A native of Mackinaw City, Mich., Lomas spent many years in ministry, giving his last decade of service at the Epworth Euclid United Methodist Church in Cleveland, Ohio. Despite the distance and demands of that profession, Lomas was also devoted to his alma mater. At the time of his appointment to the Albion presidency, he was a member of the College’s Board of Trustees and had previously held a leadership position in the Alumni Association. Upon his retirement, Lomas also became the College’s first chancellor, continuing his service to Albion well into the 1980s.

Curricular and Campus Expansion

Unwavering in his commitment to the liberal arts tradition, Lomas also embraced educational and experiential opportunities that took students beyond the classroom. The Honors Program and Professional Management Program (now the Carl A. Gerstacker Institute for Business and Management) were established during his tenure, along with the originally named Gerald R. Ford Institute for Public Service, believed at the time to be the first such program in the country for undergraduate students.

Lomas also saw the first student participation in international internship programs, the establishment of practicums in psychology and healthcare, and academic concentrations in computer science, human services and mass communication.

The College completed a $15 million capital campaign during his tenure, resulting in the addition of Mudd Learning Center, Olin Hall, Herrick Theatre, Dean Aquatic Center, and Sprankle-Sprandel Stadium to the campus. The Whitehouse Nature Center was also created while Lomas was in the president’s office.

And he would continue to peer into possibilities for Albion years after his retirement.

“Dr. Lomas never stopped beating the drum for Albion College,” says Jim Whitehouse, ’69, recalling a visit to the Lomases at their North Carolina home in 1995. “I told them I was an astronomy enthusiast and Dr. Lomas immediately took me next door to meet the neighbors, Bill and Lois Stellman, who had a beautiful 14-inch telescope mounted in an observatory above their garage. Five minutes after we arrived, that telescope and its expensive mounting apparatus became the property of Albion College! A year later, the Stellmans supported the building of an enclosure to house the instrument on the roof of Palenske Hall, where it has been in continuous use since.”

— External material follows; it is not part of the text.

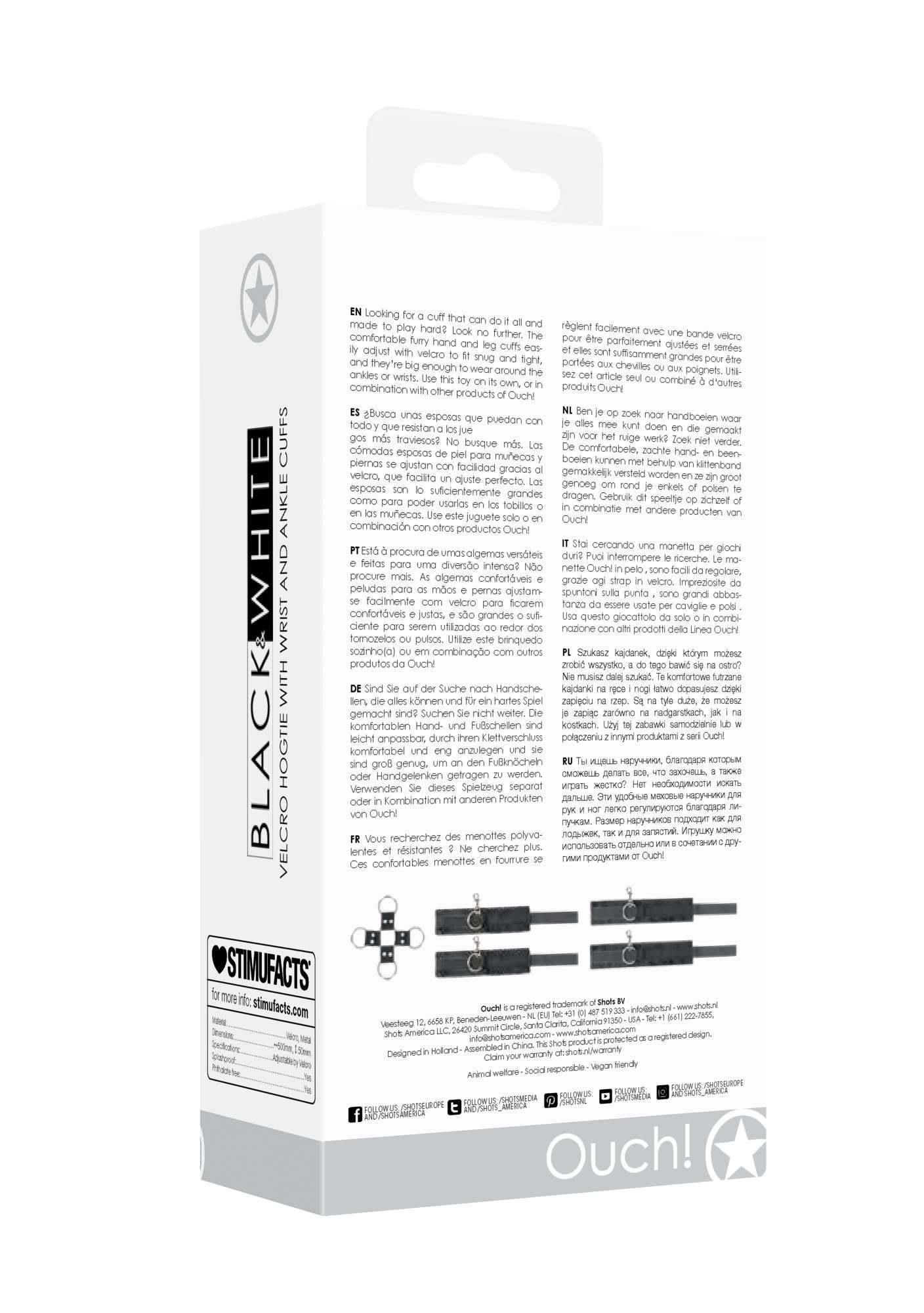 Szukasz kajdanek, dzięki którym możesz zrobić wszystko, a do tego bawić się na ostro? Nie musisz dalej szukać. Te komfortowe futrzane kajdanki na ręce i nogi łatwo dopasujesz dzięki zapięciu na rzep. Są na tyle duże, że możesz je zapiąc zarówno na nadgarstkach, jak i na kostkach. Użyj tej zabawki samodzielnie lub w połączeniu z innymi produktami z serii Ouch!

President Lomas and Barbara Lomas on the steps of the President’s Home at 501 E. Michigan Ave., November 1979.

A Focus on Engagement and Growth

Lomas excelled in fiscal leadership, taking just two years to bring the College to a budget surplus that lasted for the remainder of his presidency. He further oversaw enrollment growth to an average student population near 1,800 in the 1970s. Lomas’ civic engagement included serving on the Albion Improvement Committee, the American Cancer Society of Calhoun County, and the board of directors for AlbionJackson City Bank and Trust. During his presidential tenure, he further was a consultant to the American Enterprise Institute for Public Policy Research and held leadership roles with the Association of Independent Colleges and Universities of Michigan, the Great Lakes Colleges Association, the Michigan Colleges Foundation and the Michigan Intercollegiate Athletic Association Presidents’ Committee.

Lomas’ wife of 72 years, Barbara, passed away December 27, 2019. They are survived by their son Paul Lomas and Gayle Smith Lomas ’74, three grandchildren including Torrey Lomas, ’09, three greatgrandchildren, and extended family member Suzanne Scrutton, ’86, and Jennifer Scrutton Culbertson, ’88. Bernard and Barbara's son David Lomas, ’73, passed away in 2004. “Bernard and I both spoke at [longtime Director of Admissions] Frank Bonta’s funeral in 2017. He spoke without notes and it was on target and as good as I’ve ever heard him,” recalls retired men’s basketball coach Mike Turner, ’69, who led the Britons to the NCAA Division III Final Four in 1978 during Lomas’ tenure. “Usually when you talk to Bernard, it’s an hour. But he stuck to his four minutes. He was sharp to the end.”